For the future, the aim is to extend SPFS Phase I (pilot) activities to respond to demands from food-insecure communities in all agro-ecological zones of a country: the range of activities supported by the Programme would be progressively widened as institutional capacities grow. We also envisage that increasing attention will be given within SPFS operations to empowering communities to address the underlying factors which determine the distribution of food between households within the community. We see the need for a special focus on issues related to women and households in which, as a result of HIV-AIDS and other diseases, there have been adverse shifts in dependency ratios with disastrous effects on agriculture. Some experience is being gained (with funding from telefood sources) in targeting increases in food production where these are most needed and in linking these to nutrition education, particularly through promoting school and health centre garden programmes; these examples can be more widely replicated in future under the SPFS.

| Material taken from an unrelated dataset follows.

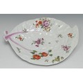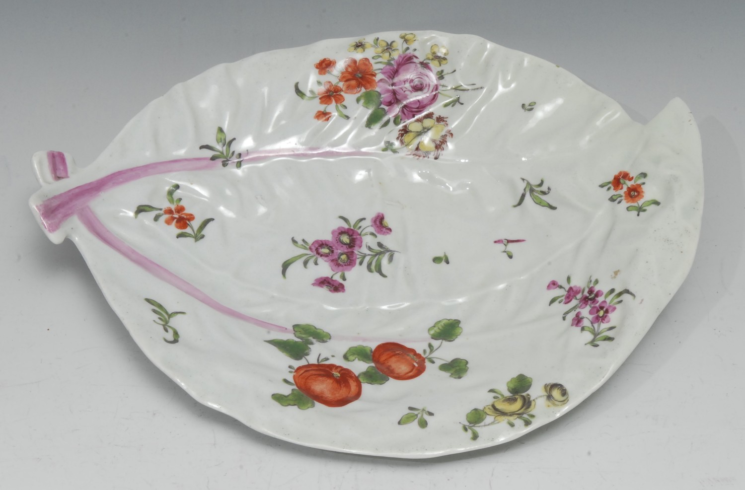A Worcester cos lettuce leaf dish, painted in the 'Rogers' style with polychrome flowers in the manner of Meissen, 25cm wide, c. 1760

SPFS Design Considerations. We welcome the Team’s recommendations set out in Section 7.3.3 and intend to make sure that they are all taken up in the design of future SPFS initiatives, including planning for the extension of existing Phase I activities. We share with the Team the concept of a people-centred approach which is designed to empower food-insecure communities to analyse the constraints and opportunities which they face and to arrive at their own choices on strategies and actions for reducing hunger and for bringing about sustainable improvements in their livelihood systems.

FAO management also strongly subscribes to the need for strengthened partnerships, building these up from the outset of project design. Furthermore we fully accept the recommendation that more explicit attention be given in project design to means of addressing seasonality issues, ecological sustainability, gender equality and linkages. Mainstreaming these approaches will require increased attention to capacity building at all levels, but with special emphasis on farm leaders and front-line extension staff, building particularly on the Organization’s experience with Farmers’ Field Schools which has been commended by the Team.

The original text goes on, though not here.